We have a similar situation in the case of fur farms. Poland, one of Europe’s largest fur-farming countries, wants to introduce a total ban on the industry, destroying a thriving 370 mln euro business. An influential group of MPs staring at extreme left-wing, populist environmental organizations is forcing a ban against common sense, to the joy of competition from other countries.

The story of Polish doctor Jekyll and Mr. Hyde, where the reformatory Prime Minister struggles with the socialist mass within the ruling party, may be the key to understanding the changes that Poland is undergoing today. Not only the state's economy but also its politics. Premier geared to growth and prosperity, himself an experienced banker, understands that the success of his government depends also on the economic freedoms and repair relations with the EU. A socialist-national-oriented ruling party majority most resistant to economic arguments, strongly believes that prosperity will come with restrictive business regulations and a greater state interventions. Party discipline enforces obedience to the prime minister and acceptance for most reforms, but reform implementation remains a serious problem. It takes parliament forever to pass pro-market law and when it does the law is usually badly distorted. Together with the tax cut, the prime minister promised to lower contributions of small businesses to social insurance. The problem is that the government has tried to introduce reform for 18 months without success. Now, before the elections to local governments, probably socialist-minded deputies will support the project, but the proposed version has already been severely altered.

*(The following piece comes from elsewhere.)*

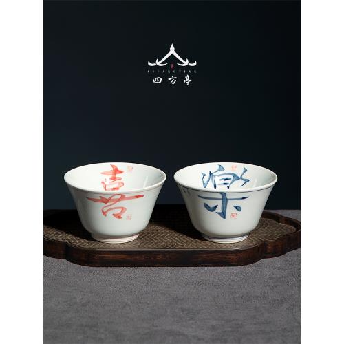 陶瓷茶杯喜樂白瓷主人杯情侶對杯個人專用單杯景德鎮杯子一對茶具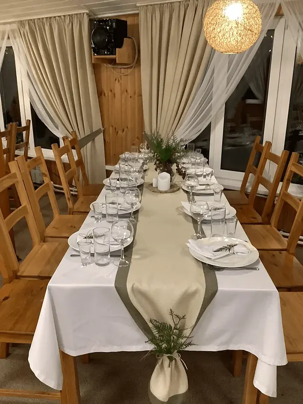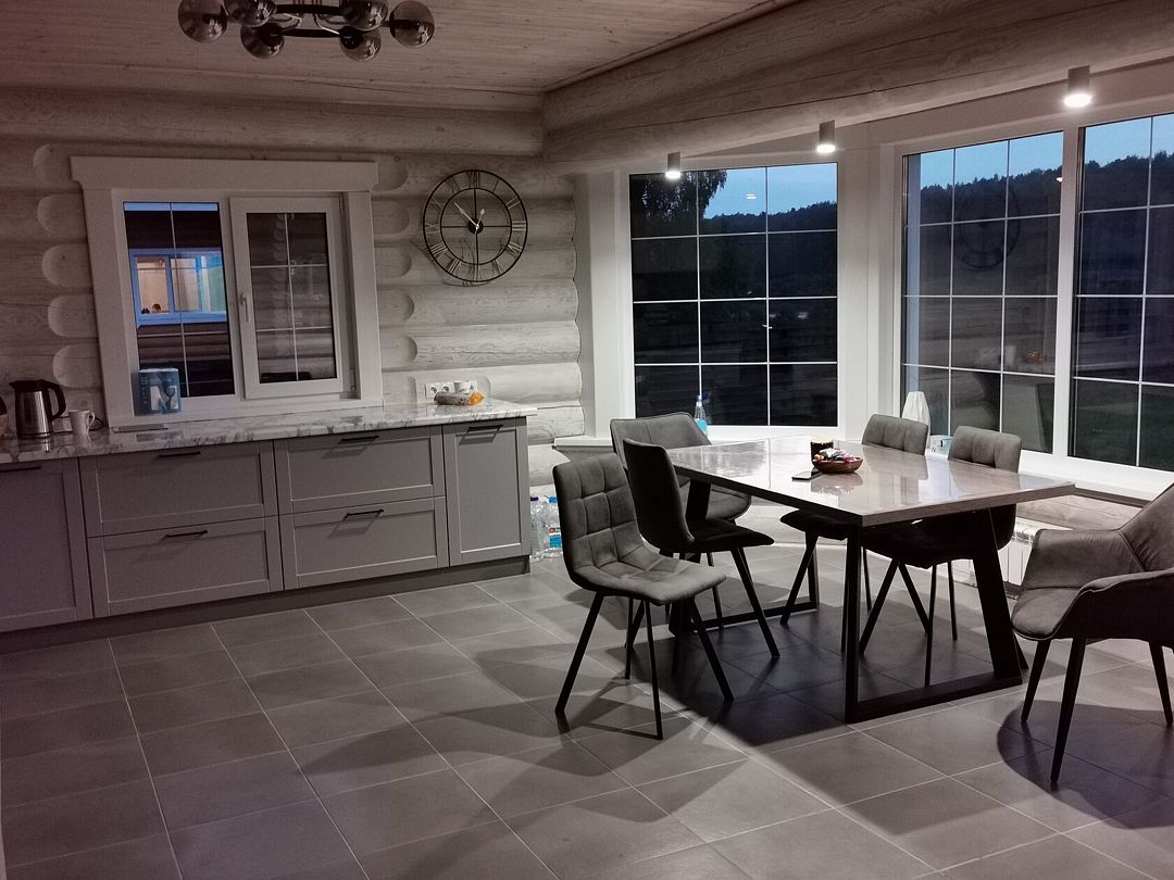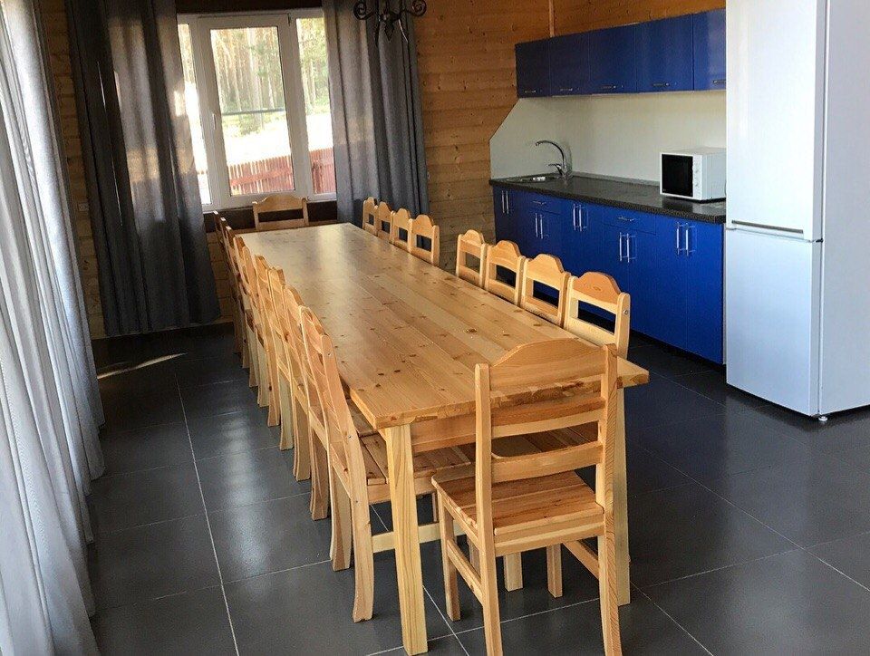 В доме четыре санузла с душевыми. На первом этаже есть сауна. Большой холл с кухней на двадцать человек. Панорамные окна выходят прямо на лыжный стадион. Коттедж идеален для больших компаний, спортивных команд, а также для празднования свадеб и юбилеев.

The same applies to the repair of the provisions on the judiciary reform or the law on lies about the participation of the Polish state in the Holocaust. Ultimately, the regulations will come into force and relations with the Union or with Israel will return to normality, but as with the economy, the process lasts much longer than it should and a thousand times longer than it would result from the prime minister's reformist ambitions.